The Deceptive Appeal of Reinforcement Learning
RL is a very appealing
theory, for several reasons.
On closer examination,
however, these apparently attractions of RL may seem less convincing.
Subjectivity of Rewards
First, in animal
learning, the rewards are subjective
– they are computed by the animal itself. For robots this is not a problem: the
designer can give the robot the capacity to compute its own rewards, or may
broadcast the rewards to it. In animals
the reward system needs to be innate. Is specifying an innate reward system the
most effective way for evolution to specify complex or adaptive behaviour? This
seems unclear.
For some types of task
such as foraging for scraps of food, it seems common-sensical
– though unformalised – that subjective rewards would be a
natural way to specify behaviour. For
other tasks, this is not so clear: for example, it is not nearly so plausible
that learning to avoid predators can be naturally modelled as reinforcement
learning.
Much evidence from
animal studies shows that learning from rewards – also known as instrumental or
operant conditioning – explains only a fraction of animal behavioural learning,
and even if instrumental conditioning occurs it can be over-ridden by other
learning mechanisms.
Single Reward Signal Inadequate for Learning
Complex Behaviour
Second, optimising a
single measure of reward seems an inadequate model of learning more complex
skills. An example of a natural type of behavioural learning that is difficult
to cast naturally as reinforcement learning is that of learning a competence to
navigate from any starting point to any final destination within some locale. One can specify the agent’s state as
including its current position and its intended destination, but this doubles
the dimensionality of the state space without appearing to provide any natural simplication of the problem.
RL seems in some ways
problematic both for very simple and for complex types of behavioural learning:
are there other natural formal models that could be profitably studied?

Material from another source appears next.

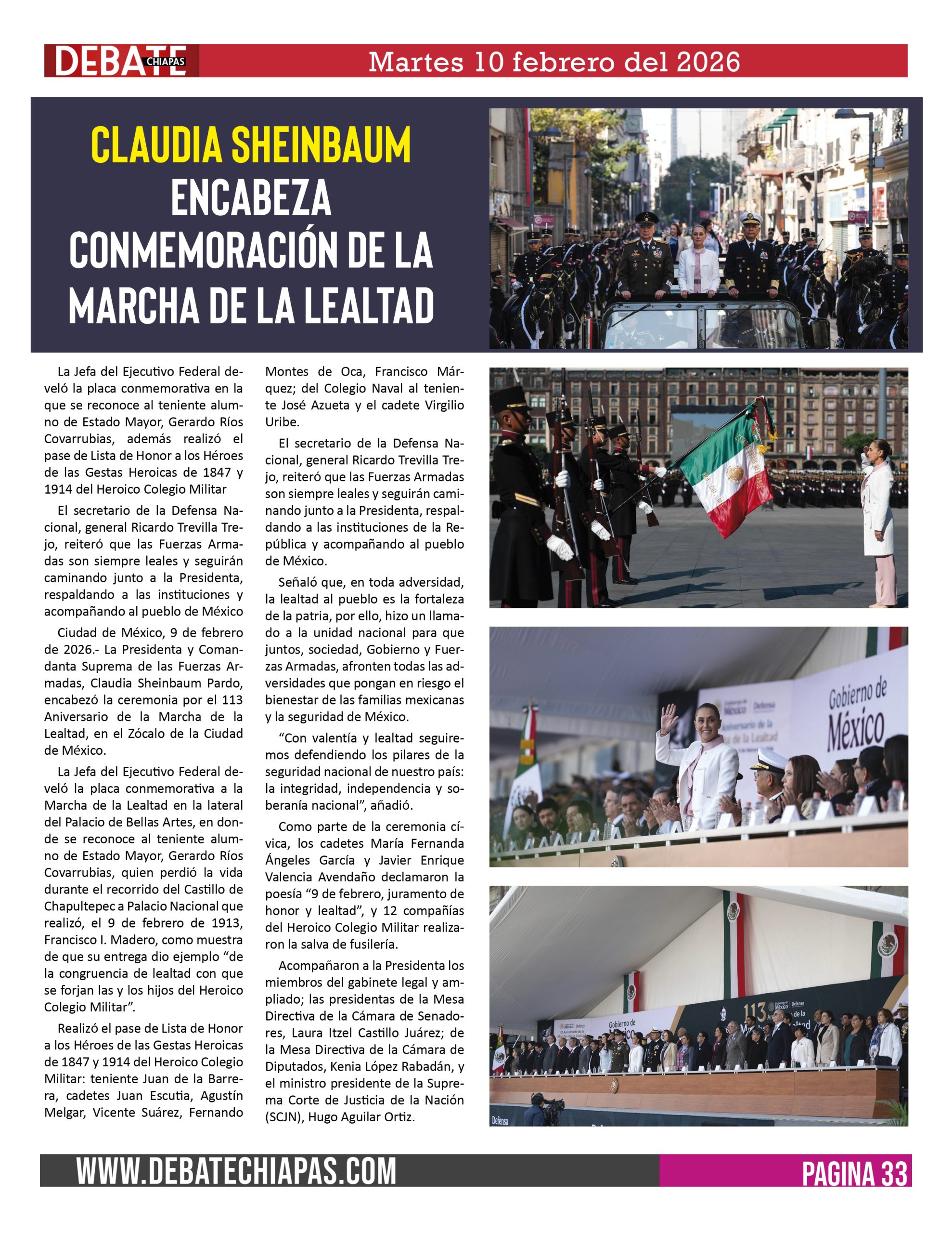 La Jefa del Ejecutivo Federal develó la placa conmemorativa a la Marcha de la Lealtad en la lateral del Palacio de Bellas Artes, en donde se reconoce al teniente alumno de Estado Mayor, Gerardo Ríos Covarrubias, quien perdió la vida durante el recorrido del Castillo de Chapultepec a Palacio Nacional que realizó, el 9 de febrero de 1913, Francisco I. Madero, como muestra de que su entrega dio ejemplo “de la congruencia de lealtad con que se forjan las y los hijos del Heroico Colegio Militar”.
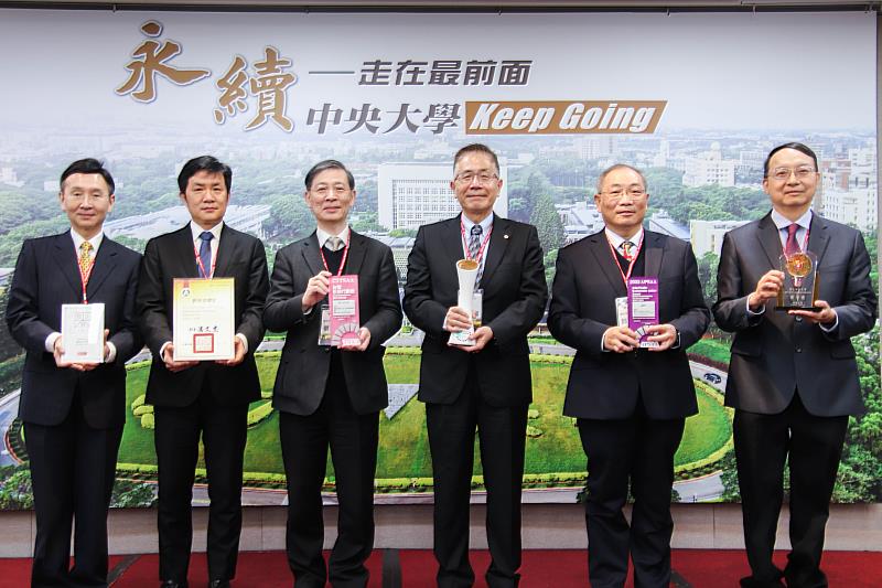中央大學在永續辦學有卓越的表現,獲各方榮耀之肯定。照片左起永續發展暨社會責任辦公室孫煒主任、許秉瑜副校長、綦振瀛副校長、周景揚校長、顏上堯副校長、周立德主秘。

Minimum Regret Formulations of Reinforcement
Learning
The conventional
formulation of RL assumes a stationary world, in which state transitions and
rewards can be statistically modelled, either explicitly or implicitly. A surprising recent development is that
competitive learning approaches are feasible for bandit problems,
and for other types of RL also. These approaches make very weak assumptions
about the statistical properties of the world, and yet are feasible. Whether
these approaches are appropriate models of animal learning is an intriguing
question.